Collected data
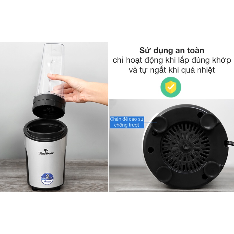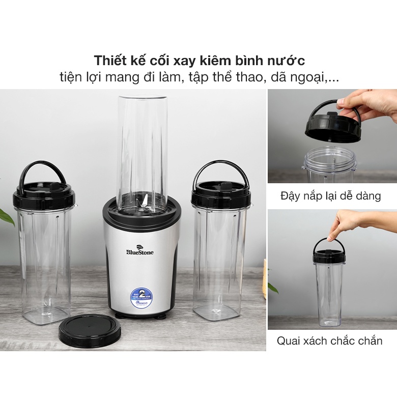 Máy xay sinh tố Bluestone có 3 cối xay kiêm bình nước được thiết kế nhỏ gọn, màu sắc trang nhã, đáp ứng nhu cầu xay sinh tố mang đi làm, tập thể thao, dã ngoại,...
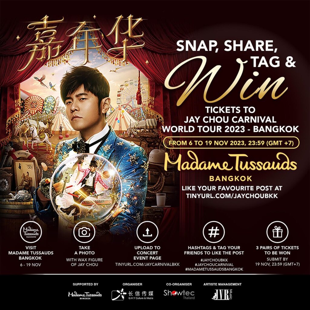 โอกาสมาถึงแล้ว! ถ่ายรูปคู่ “เจย์ โจว” ที่มาดามทุสโซลุ้นรับบัตรคอนเสิร์ตแห่งปี Jay Chou Carnival World Tour 2023 กรุงเทพ
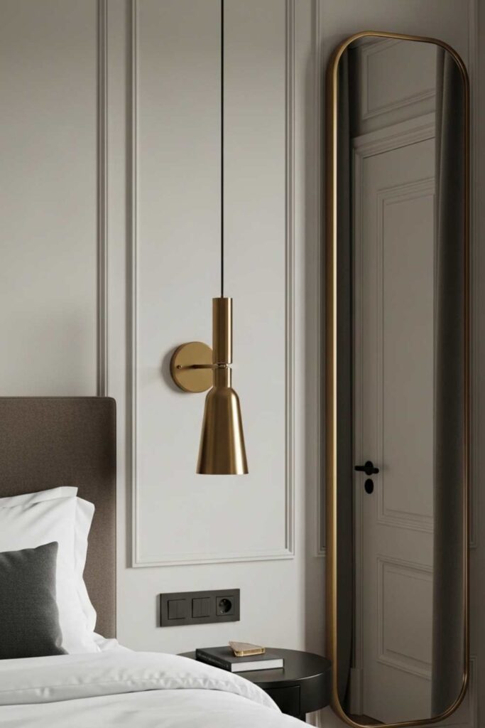 Metallic accents add refinement when used sparingly. In boutique hotel bedrooms, brushed brass, soft gold, or matte black details introduce elegance without visual noise.
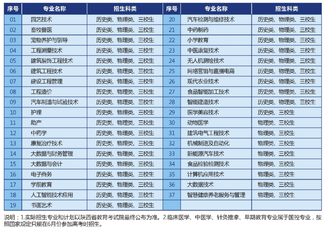 陕西省一流建设(培育)专业:护理、中药学、中医学、学前教育、畜牧兽医、汽车检测与维修技术、建筑工程技术
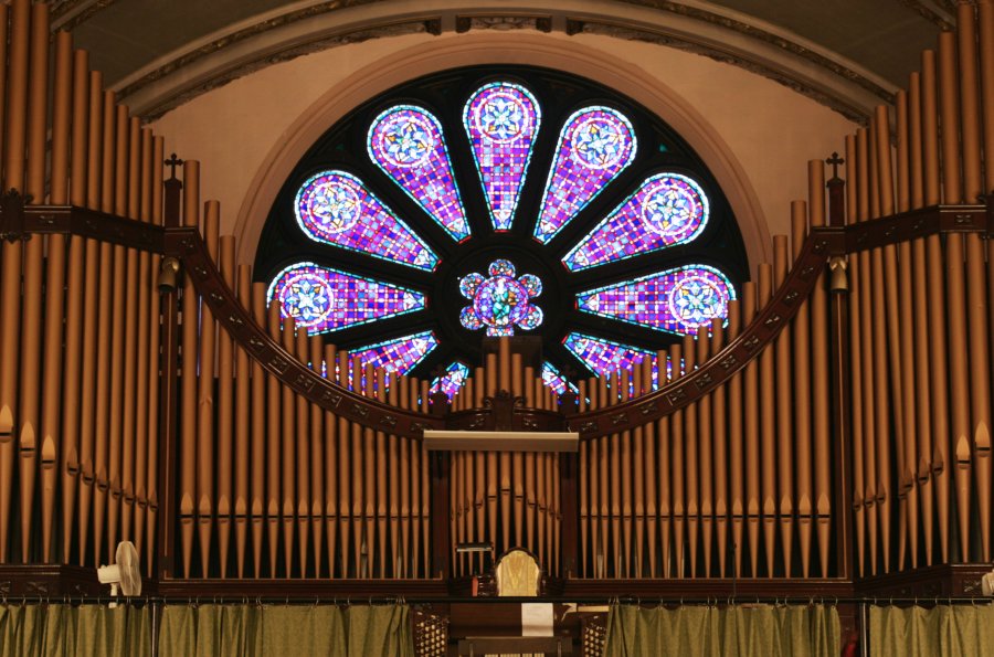 The organ, which is encased in solid mahogany, was installed by the Moeller Company of Hagerstown, Maryland. When built, it was said to be the largest in any catholic or non-catholic church. It was designed by Firmin Swinnen, a private concert organist for Pierre S. Du Pont and a graduate of the Royal Conservatory of Music in Antwerp, Belgium. For those who are interested in organs, this particular one has 3 manuals, 61 stops, 25 couplers, 25 pistons, 3 separate swell boxes and 3,000 pipes. We were in the progress of refurbishing the organ, but this project is now on haitus because of extensive cost. In keeping with the tradition of Holy Rosary, the new Viscont electronic organ is also from Italy.

• _Exercise description_
Nothing but the lines above, starting at the line that contains "Tour 2023 กรุงเทพ" and ending at the line that contains "陕西省一流建设(培育)专业:护理、中药学", should be given again, exactly and without the pictures.

• _Response box_
 โอกาสมาถึงแล้ว! ถ่ายรูปคู่ “เจย์ โจว” ที่มาดามทุสโซลุ้นรับบัตรคอนเสิร์ตแห่งปี Jay Chou Carnival World Tour 2023 กรุงเทพ
 Metallic accents add refinement when used sparingly. In boutique hotel bedrooms, brushed brass, soft gold, or matte black details introduce elegance without visual noise.
 陕西省一流建设(培育)专业:护理、中药学、中医学、学前教育、畜牧兽医、汽车检测与维修技术、建筑工程技术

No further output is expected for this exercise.